Outro destaque deste filme Disney é que se debruça sobre uma família colombiana e mesmo na versão original tem muitas palavras em espanhol, o que não é comum.

“Quando nos juntámos com o Lin [Manuel Miranda], ele tinha falado de querer fazer algo especificamente da América Latina”, explicou o co-criador Byron Howard. “A Disney Animation tem esta boa tradição de contar histórias incríveis, emocionais. E há muitos lugares no mundo que as pessoas não conhecem”, afirmou.

Byron Howard, Jared Bush e Lin-Manuel Miranda viajaram pela Colômbia em pesquisa para o filme e a produtora Yvett Marino explicou na conferência que o tema adveio dessas jornadas.

“Há estes sítios, não só na Colômbia mas por toda a América Latina, que são considerados espirituais, especiais, como uma magia que lá reside”, descreveu. “Algumas pessoas referem-se a estes lugares como encantos”. Os criadores, imaginando que a terra ficcional do filme onde foi construída a comunidade era espiritual e a fonte de um milagre, usaram esse conceito no título.

“A Colômbia, sendo esta intersecção de cultura, dança, comida, tradição, foi um momento incrível para nós”, disse Byron Howard. “Voltámos com muita energia para pôr o máximo possível da Colômbia neste filme”.
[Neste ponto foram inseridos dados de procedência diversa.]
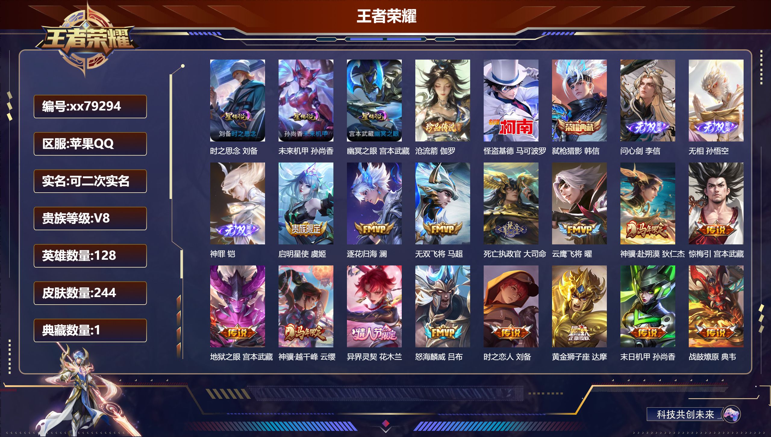 PX_2572412-,可二次,V8,贵族积分62137,苹果QQ/244皮肤/128英雄/1典藏/0珍品无双/3无双/2珍品传说/20传说/69史诗/8稀有英雄,历史(省标刘备,) 【3,星传说皮肤】,时之思念,刘备,未来机甲,孙尚香,幽冥之眼,宫本武藏, 【2,珍品传说】,沧流箭,伽罗,怪盗基德,马可波罗, 【1,典藏皮肤】,弑枪猎影,韩信, 【3,无双皮肤】,问心剑,李信,无相,孙悟空,神罪,铠, 【20,传说皮肤】,启明星使,虞姬,逐花归海,澜,无双飞将,马超,死亡执政官,大司命,云鹰飞将,曜,神骥·赴朔漠,狄仁杰,惊梅引,宫本武藏,地狱之眼,宫本武藏,神骥·越千峰,云缨,异界灵契,花木兰,怒海麟威,吕布,时之恋人,刘备,黄金狮子座,达摩,末日机甲,孙尚香,战鼓燎原,典韦,踏浪归,韩信,冠军飞将,花木兰,千山共赴,干将莫邪,玄雷天君,嬴政,幻光神枪,云缨, 【69,史诗皮肤】,末日机甲,吕布,紫霞仙子,露娜,百解令,蒙犽,高山流水,庄周,冰霜恋舞曲,干将莫邪,天秀·启明,杨戬,巫礼祀神,少司缘,鬼剑武藏,宫本武藏,星夜王子,白起,无限星赏官,公孙离,地狱燃心,司空震,线条小狗,周瑜,百晓客,明世隐,撼世英歌,盘古,摇滚巨星,嬴政,修罗,橘右京,拒霜思,嫦娥,魅力维加斯,妲己,黄金分割率,诸葛亮,偶像歌手,王昭君,女仆咖啡,妲己,九幽镇关,项羽,暗夜贵公子,嬴政,鹰眼统帅,狄仁杰,大圣娶亲,孙悟空,李小龙,裴擒虎,光弋星穹,莱西奥,金属风暴,墨子,傲雪梅枪,韩信,特工魅影,百里守约,猫狗日记,孙策,逐浪之夏,李元芳,未来纪元,赵云,优雅恋人,嬴政,魔术师,狄仁杰,热力回旋,百里玄策,埋骨钱,暃,龙之律动,狂铁,皇家上将,赵云,冰冠公主,雅典娜,至尊宝,孙悟空,功夫厨神,程咬金,圣诞恋歌,貂蝉,水晶猎龙者,花木兰,涂山容容,公孙离,圣诞狂欢,吕布,魅语,不知火舞,群星魔术团,上官婉儿,器灵·浮梦炉,赵怀真,星界战将,牛魔,茶境仙,孙膑,蔷薇恋人,孙尚香,冰雪圆舞曲,甄姬,雪上飞焰,哪吒,千年之狐,李白,节奏热浪,阿轲,暗夜猫娘,阿轲,曙光守护者,铠,万灵启世,女娲,乱世虎臣,张飞,百相守梦,周瑜,龙胆,赵云,绅士熊喵,刘禅,百相守梦,百里守约,线条小狗,小乔,水果甜心,孙尚香,幽灵船长,曹操,乘风破浪,夏侯惇,暗隐猎兽者,兰陵王, 【112,勇者皮肤】,时空谍影,海诺,太极少年,赵怀真,沙漠行僧,达摩,拳王,达摩,大发明家,达摩,乐园追猎者,白起,丁香结,小乔,功夫炙烤,廉颇,铁甲之心,典韦,海盐诗旅,桑启,幻泉雾影,海月,醍醐杖,老夫子,汉昭烈帝,刘备,白色死神,白起,黄金武士,典韦,王牌新星,海月,阴阳师,狄仁杰,径山谋武,孙权,古海寻踪,张良,牛运亨通,牛魔,科学大爆炸,项羽,功夫老勺,老夫子,鲨炮海盗猫,沈梦溪,海滩派对,项羽,万华元夜,狄仁杰,克喵,鬼谷子,踏浪烽翎,莱西奥,演武夺筹,程咬金,红桃皇后,芈月,野性能量,吕布,守护之力,大乔,无双福将,程咬金,瓷语鉴心,露娜,百相守梦,影,原初探秘者,鬼谷子,潮玩探月行,猪八戒,天穹祈灯,鬼谷子,决胜大满贯,曹操,疑决卦,明世隐,化身博士,扁鹊,阿尔法小队,后羿,霸王丸,宫本武藏,雾影缉谜,兰陵王,潮玩牛仔,马可波罗,舞狮寰,吕布,赤刃凌霄,敖隐,死亡骑士,亚瑟,敏锐之力,李白,破局者,亚连,玩偶对对碰,安琪拉,掌控之力,诸葛亮,海滩丽影,钟无艳,落日弦歌,高渐离,忍·炎影,赵云,雪境奇遇,西施,坚韧之力,苏烈,唤灵魔甲,刘禅,擒涛扼浪,裴擒虎,苍云破阵,蒙恬,糖果风暴,安琪拉,乓乓大师,鲁班大师,逐霄之志,曹操,溯影追猎,虞姬,极光幻客,蚩奼,探海日志,鲁班大师,天使之翼,孙膑,兔女郎,花木兰,龙腾万里,关羽,未来纪元,宫本武藏,罗小黑战记,哪吒,千军破阵,苏烈,往忆晖光,明世隐,零食大作战,姬小满,荣光之誓,亚瑟,花好人间,甄姬,万象初新,宫本武藏,聚星闪耀,钟无艳,秘密基地,刘禅,教廷特使,韩信,街头霸王,韩信,云中旅人,李元芳,西部大镖客,孙悟空,紫罗兰之誓,妲己,重装意志,盘古,少女阿狸,妲己,混沌棋,弈星,布丁狗之约,阿古朵,命运加冕,露娜,小满鸭,姬小满,幻想奇妙夜,王昭君,驱傩正仪,钟馗,虚灵犬护,钟馗,班班快跑,鲁班七号,罗小黑战记,张良,剑破天穹,刘邦,青衿临川,桑启,异域游侠,刘备,熔金海岸,周瑜,苍林狼骑,苍,魅影绮裳,影,访茗客,马超,星梦巡礼,姜子牙,谧流熔炉,太乙真人,暗都幽影,大司命,鹤鸣心笺,艾琳,逆浪荇歌,甄姬,百相守梦,孙策,执弈定局,雅典娜,海之女神,海月,线条小狗,周瑜,线条小狗,桑启,百相守梦,老夫子, 【41,其他皮肤】,沧流箭,伽罗,伊势巫女,大乔,战争骑士,夏侯惇,潮流仙人,老夫子,棒球奇才,沈梦溪,超能战警,曹操,花见巫女,伽罗,爱与和平,苏烈,未来旅行,孙膑,第七人偶,干将莫邪,灼热之刃,李信,木偶奇遇记,鲁班七号,帝国元帅,项羽,精灵王,后羿,碧珀绯影,暃,星航指挥官,诸葛亮,魇语军师,司马懿,英喵野望,刘禅,午夜歌剧院,元歌,隐刃,兰陵王,霓裳曲,杨玉环,异域舞娘,貂蝉,东海龙王,东皇太一,修竹墨客,上官婉儿,剑舞者,花木兰,范海辛,李白,维京掠夺者,苍,激情绿茵,马可波罗,幸存者,马超,创世神祝,盘古,特种部队,李元芳,绝影神枪,百里守约,森,瑶,孤猎,澜,精准探案法,米莱狄,精灵公主,王昭君,赤焰之缨,云缨,美梦成真,梦奇,天启骑士,关羽,怪盗基德,马可波罗,西部大镖客,孙悟空, 【8,稀有英雄】,嬴政,不知火舞,橘右京,夏洛特,娜可露露,韩信,艾琳,赵云, 营地ID:,

Sendo um filme de animação musical, o trabalho do ator e compositor Lin-Manuel Miranda tornou-se crucial para o avanço da narrativa. Na conferência de imprensa, ele explicou que foi algo que o seu pai lhe disse que inspirou a personagem da avó Alma e que estar presente no começo do projeto gerou uma colaboração sem precedentes.

“Estar lá desde o início permitiu mais dar e receber do que tudo o que já experimentei em filmes de animação”, afirmou Miranda, que também musicou o filme Disney “Vaiana”. “Escrevi o número musical de abertura antes de termos um segundo ou terceiro atos”, contou.

“Encanto” é já considerado um dos melhores filmes de animação da Disney dos últimos anos e será uma das suas grandes apostas para o regresso às salas de cinema. O filme, com realização de Byron Howard, Jared Bush e Charise Castro Smith e produção de Yvett Merino e Clark Spencer, estreia-se na sexta-feira, 25 de novembro.

Luzes e sombras do novo filme da Disney têm a mão de um luso-americano

O artista luso-americano Afonso Salcedo é um dos responsáveis pelas luzes e sombras do novo filme animado da Disney.

A viver nos Estados Unidos há 17 anos, o artista de iluminação trabalhou na longa-metragem dos Walt Disney Animation Studios durante cerca de oito meses.

“Foi realmente dos projetos mais desafiantes [em] que alguma vez trabalhei”, disse à agência Lusa Afonso Salcedo, explicando que uma das razões para isso é a vibração colorida das imagens.

Na cultura colombiana, em que nos inspirámos para este filme, a cor é muito importante, na arquitetura, nos personagens, na roupa”, descreveu. “A cor enforma muito as emoções na história, por isso à medida que a emoção narrativa da história se altera durante o filme, as cores também se vão alterando”.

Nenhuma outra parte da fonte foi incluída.